====== Material shown

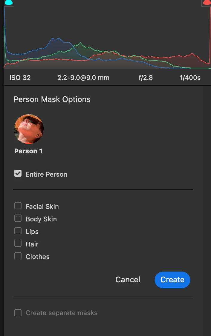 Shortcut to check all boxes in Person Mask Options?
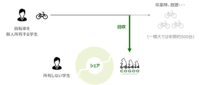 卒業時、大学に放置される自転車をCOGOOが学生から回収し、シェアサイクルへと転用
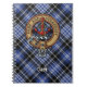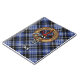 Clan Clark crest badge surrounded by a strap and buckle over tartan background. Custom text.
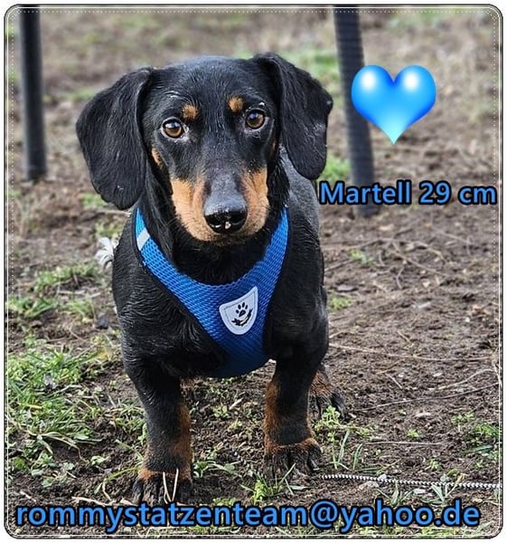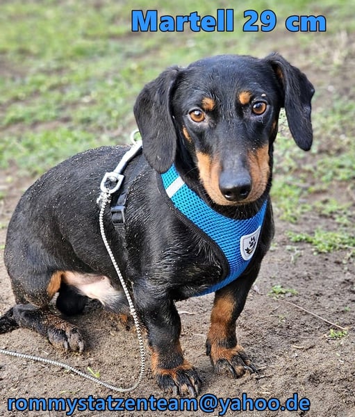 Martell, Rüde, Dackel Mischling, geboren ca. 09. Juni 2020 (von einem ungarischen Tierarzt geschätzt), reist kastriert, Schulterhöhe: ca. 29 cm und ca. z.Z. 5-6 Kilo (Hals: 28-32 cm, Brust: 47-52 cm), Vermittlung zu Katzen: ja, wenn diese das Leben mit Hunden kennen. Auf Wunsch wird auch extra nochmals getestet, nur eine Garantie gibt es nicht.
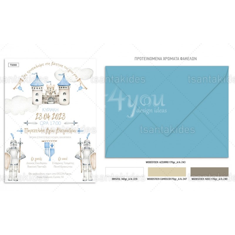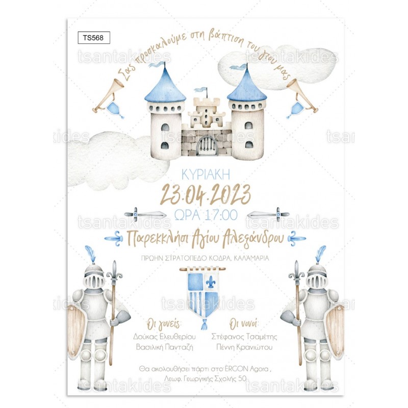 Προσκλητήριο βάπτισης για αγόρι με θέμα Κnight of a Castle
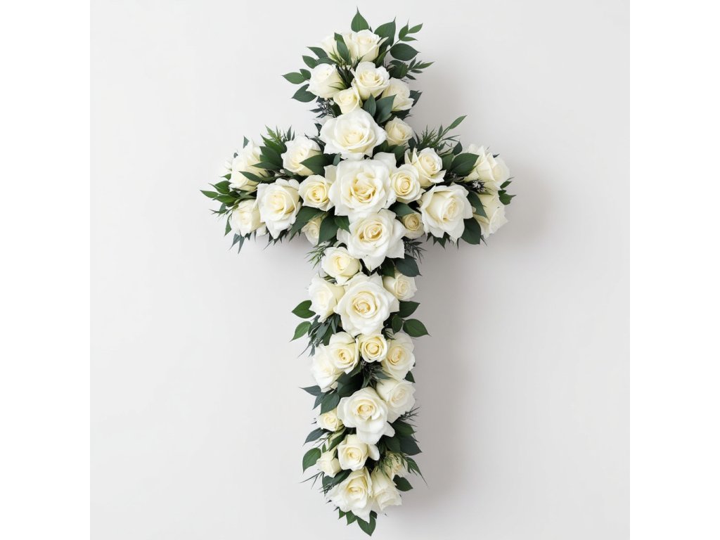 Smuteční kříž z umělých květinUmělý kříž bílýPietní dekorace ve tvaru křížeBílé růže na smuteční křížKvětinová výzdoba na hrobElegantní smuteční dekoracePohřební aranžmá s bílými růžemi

============

Since the copy must exclude the pictures, transcribe only the text of the records, word for word.

Result
 Shortcut to check all boxes in Person Mask Options?
 卒業時、大学に放置される自転車をCOGOOが学生から回収し、シェアサイクルへと転用
 Clan Clark crest badge surrounded by a strap and buckle over tartan background. Custom text.
 Martell, Rüde, Dackel Mischling, geboren ca. 09. Juni 2020 (von einem ungarischen Tierarzt geschätzt), reist kastriert, Schulterhöhe: ca. 29 cm und ca. z.Z. 5-6 Kilo (Hals: 28-32 cm, Brust: 47-52 cm), Vermittlung zu Katzen: ja, wenn diese das Leben mit Hunden kennen. Auf Wunsch wird auch extra nochmals getestet, nur eine Garantie gibt es nicht.
 Προσκλητήριο βάπτισης για αγόρι με θέμα Κnight of a Castle
 Smuteční kříž z umělých květinUmělý kříž bílýPietní dekorace ve tvaru křížeBílé růže na smuteční křížKvětinová výzdoba na hrobElegantní smuteční dekoracePohřební aranžmá s bílými růžemi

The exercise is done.